● What the exercise asks: Nothing but an exact copy is asked for: the lines in the material below from the one with "- Feature : Little" through the one with "मूल्याङ्कनका चरणमा आयोजना", pictures excluded.

● Input records:

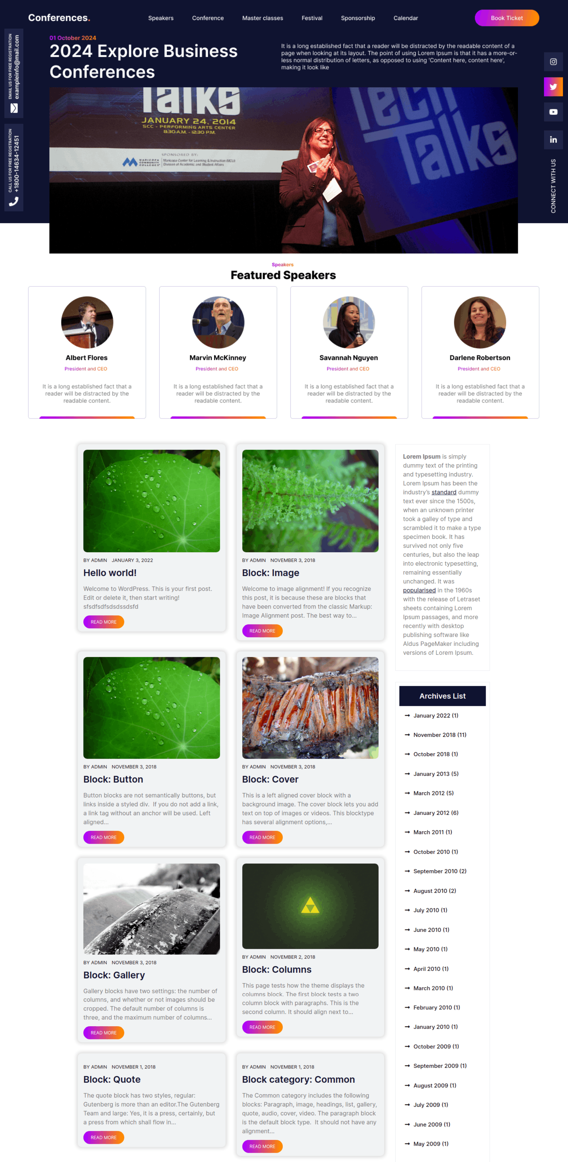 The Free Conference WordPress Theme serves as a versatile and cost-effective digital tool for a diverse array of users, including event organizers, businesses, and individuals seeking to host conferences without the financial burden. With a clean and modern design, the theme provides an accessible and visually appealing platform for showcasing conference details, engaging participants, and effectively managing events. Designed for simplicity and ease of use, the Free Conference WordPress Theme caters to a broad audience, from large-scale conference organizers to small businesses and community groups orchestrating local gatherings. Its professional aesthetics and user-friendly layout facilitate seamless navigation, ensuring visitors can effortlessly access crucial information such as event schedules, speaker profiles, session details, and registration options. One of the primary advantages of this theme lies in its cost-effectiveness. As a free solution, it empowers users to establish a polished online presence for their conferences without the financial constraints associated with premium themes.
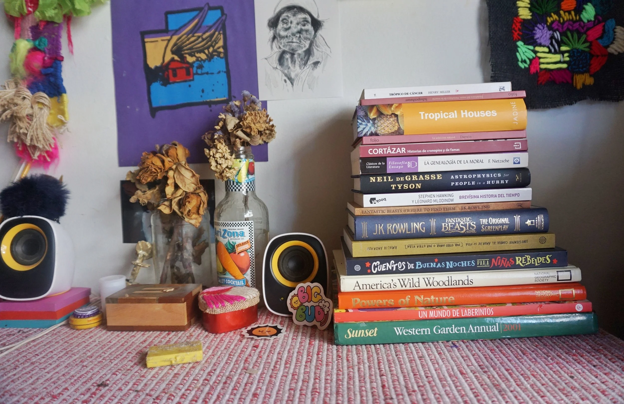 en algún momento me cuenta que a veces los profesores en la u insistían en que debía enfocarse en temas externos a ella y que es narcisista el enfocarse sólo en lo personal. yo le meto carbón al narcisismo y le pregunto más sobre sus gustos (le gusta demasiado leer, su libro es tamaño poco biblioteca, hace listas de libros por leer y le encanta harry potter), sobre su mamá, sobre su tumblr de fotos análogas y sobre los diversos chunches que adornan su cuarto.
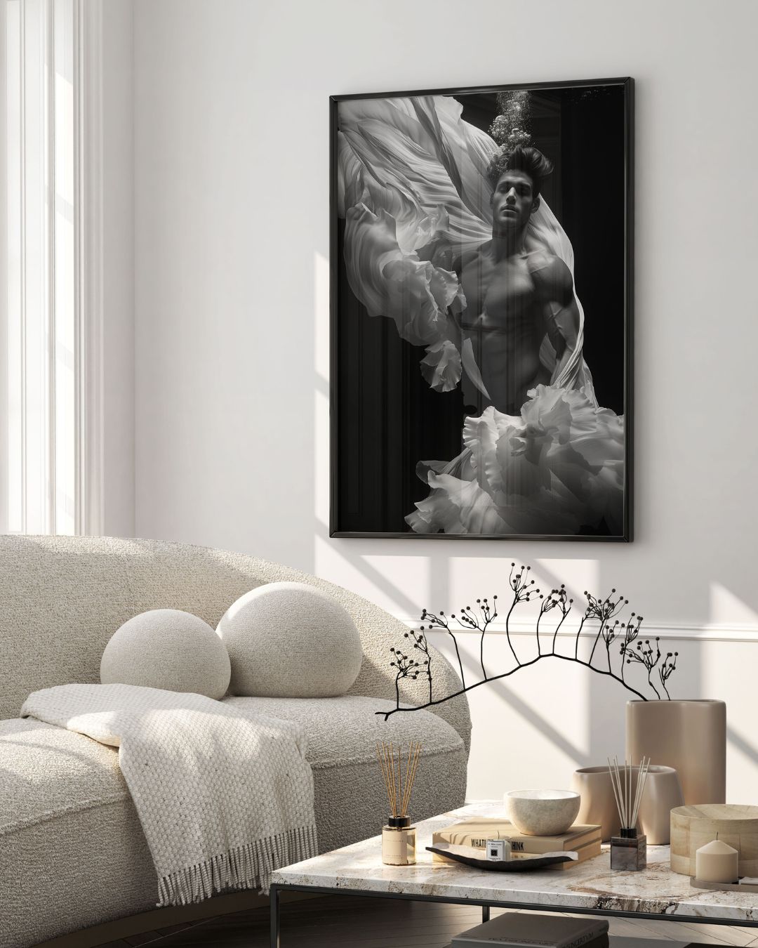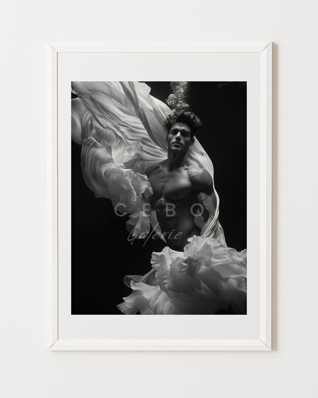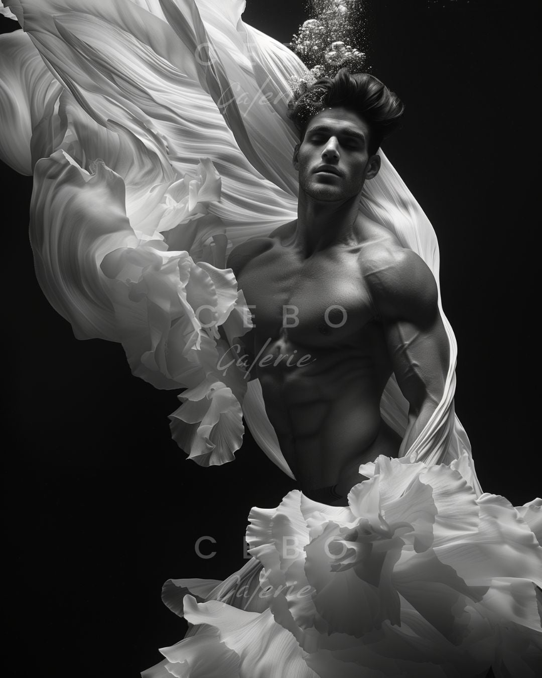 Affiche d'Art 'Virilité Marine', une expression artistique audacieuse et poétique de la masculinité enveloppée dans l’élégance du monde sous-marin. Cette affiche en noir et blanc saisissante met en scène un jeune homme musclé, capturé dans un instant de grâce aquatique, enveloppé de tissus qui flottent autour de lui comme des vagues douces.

* * *

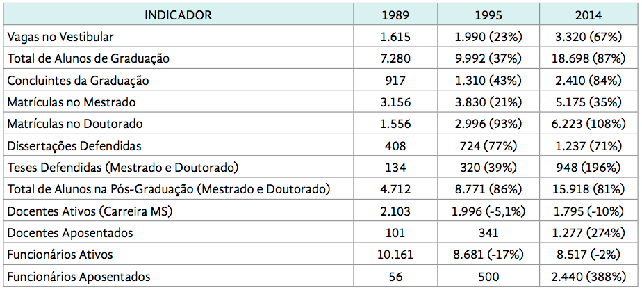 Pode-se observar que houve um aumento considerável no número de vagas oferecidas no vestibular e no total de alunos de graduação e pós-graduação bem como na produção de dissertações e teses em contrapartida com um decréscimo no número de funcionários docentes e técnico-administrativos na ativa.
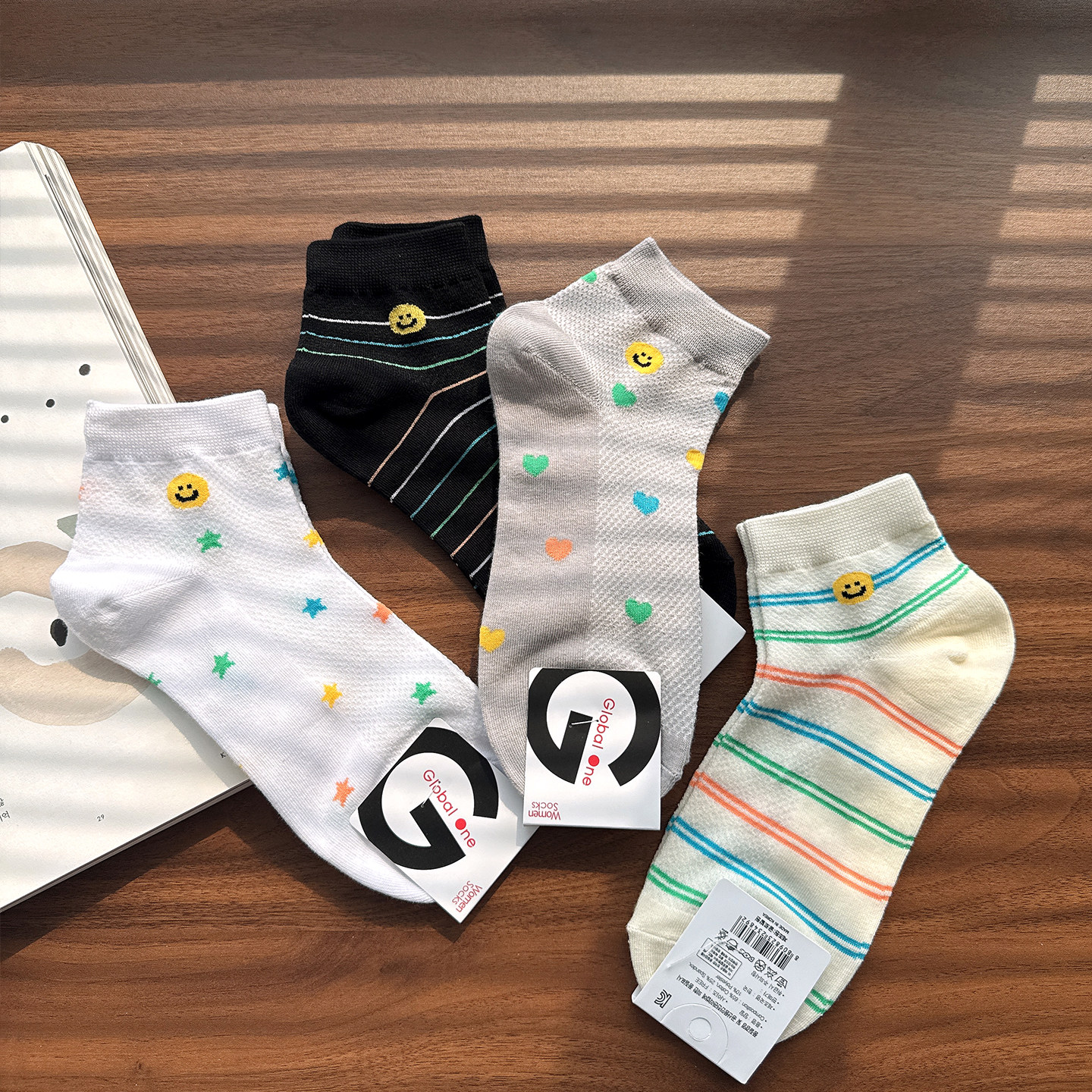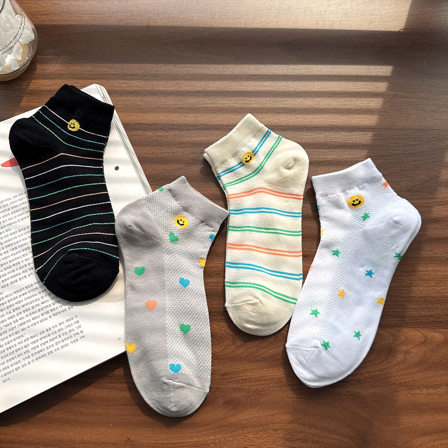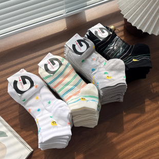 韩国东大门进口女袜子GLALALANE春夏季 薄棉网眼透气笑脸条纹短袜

---

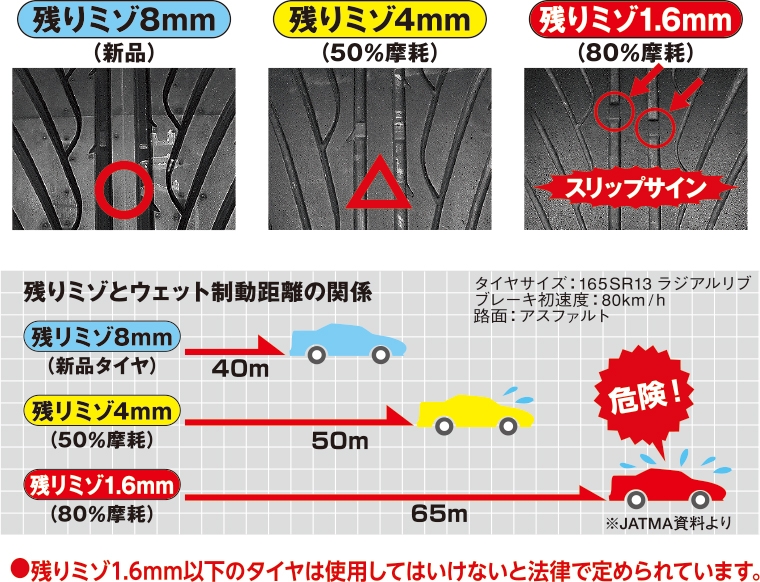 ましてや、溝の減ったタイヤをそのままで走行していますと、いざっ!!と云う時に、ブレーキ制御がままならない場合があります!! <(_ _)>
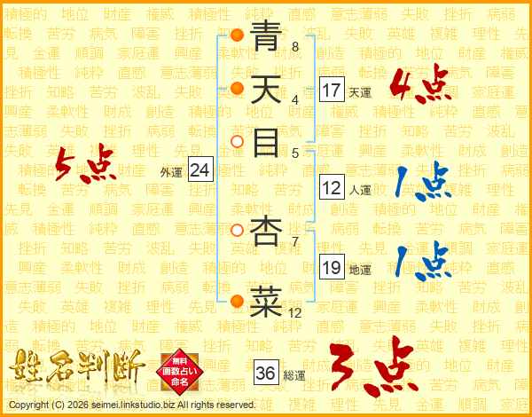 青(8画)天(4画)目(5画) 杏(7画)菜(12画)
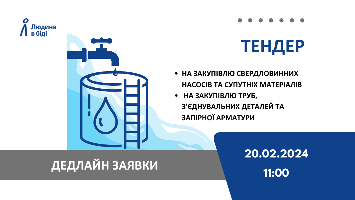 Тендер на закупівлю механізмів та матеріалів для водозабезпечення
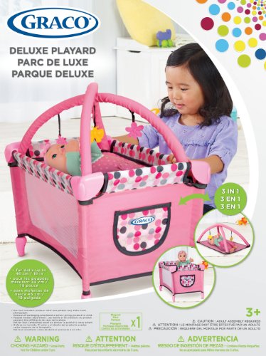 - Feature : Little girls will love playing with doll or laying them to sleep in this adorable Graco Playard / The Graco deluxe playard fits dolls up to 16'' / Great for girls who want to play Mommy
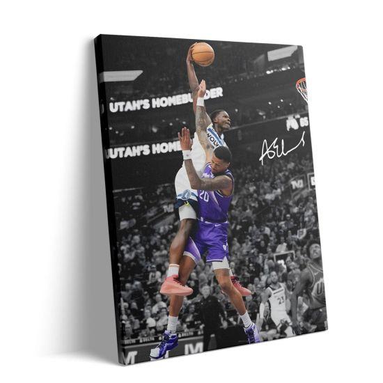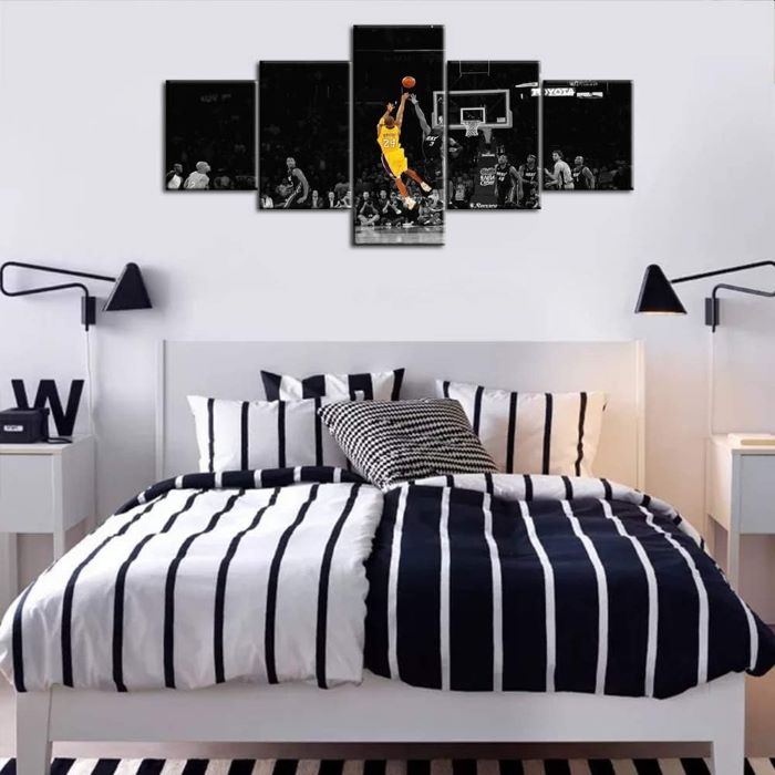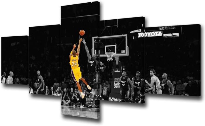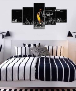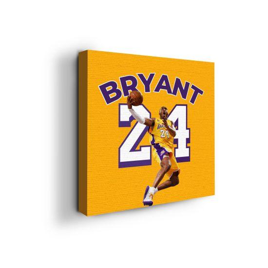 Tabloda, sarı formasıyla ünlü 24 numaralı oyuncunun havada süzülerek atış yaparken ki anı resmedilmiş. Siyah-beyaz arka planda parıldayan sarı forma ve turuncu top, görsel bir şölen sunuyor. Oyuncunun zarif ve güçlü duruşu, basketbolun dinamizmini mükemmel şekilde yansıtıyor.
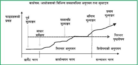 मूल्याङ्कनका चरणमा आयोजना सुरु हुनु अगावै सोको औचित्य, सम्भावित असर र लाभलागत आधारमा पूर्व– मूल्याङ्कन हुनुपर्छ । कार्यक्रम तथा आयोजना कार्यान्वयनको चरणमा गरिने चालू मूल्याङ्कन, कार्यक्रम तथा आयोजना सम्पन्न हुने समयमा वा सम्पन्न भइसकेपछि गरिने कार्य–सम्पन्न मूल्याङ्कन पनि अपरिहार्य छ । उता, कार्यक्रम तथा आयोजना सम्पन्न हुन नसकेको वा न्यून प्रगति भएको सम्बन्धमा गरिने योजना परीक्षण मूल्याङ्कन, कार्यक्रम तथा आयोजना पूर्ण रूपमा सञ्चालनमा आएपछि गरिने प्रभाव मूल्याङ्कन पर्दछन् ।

● Written response:
 - Feature : Little girls will love playing with doll or laying them to sleep in this adorable Graco Playard / The Graco deluxe playard fits dolls up to 16'' / Great for girls who want to play Mommy
 Tabloda, sarı formasıyla ünlü 24 numaralı oyuncunun havada süzülerek atış yaparken ki anı resmedilmiş. Siyah-beyaz arka planda parıldayan sarı forma ve turuncu top, görsel bir şölen sunuyor. Oyuncunun zarif ve güçlü duruşu, basketbolun dinamizmini mükemmel şekilde yansıtıyor.
 मूल्याङ्कनका चरणमा आयोजना सुरु हुनु अगावै सोको औचित्य, सम्भावित असर र लाभलागत आधारमा पूर्व– मूल्याङ्कन हुनुपर्छ । कार्यक्रम तथा आयोजना कार्यान्वयनको चरणमा गरिने चालू मूल्याङ्कन, कार्यक्रम तथा आयोजना सम्पन्न हुने समयमा वा सम्पन्न भइसकेपछि गरिने कार्य–सम्पन्न मूल्याङ्कन पनि अपरिहार्य छ । उता, कार्यक्रम तथा आयोजना सम्पन्न हुन नसकेको वा न्यून प्रगति भएको सम्बन्धमा गरिने योजना परीक्षण मूल्याङ्कन, कार्यक्रम तथा आयोजना पूर्ण रूपमा सञ्चालनमा आएपछि गरिने प्रभाव मूल्याङ्कन पर्दछन् ।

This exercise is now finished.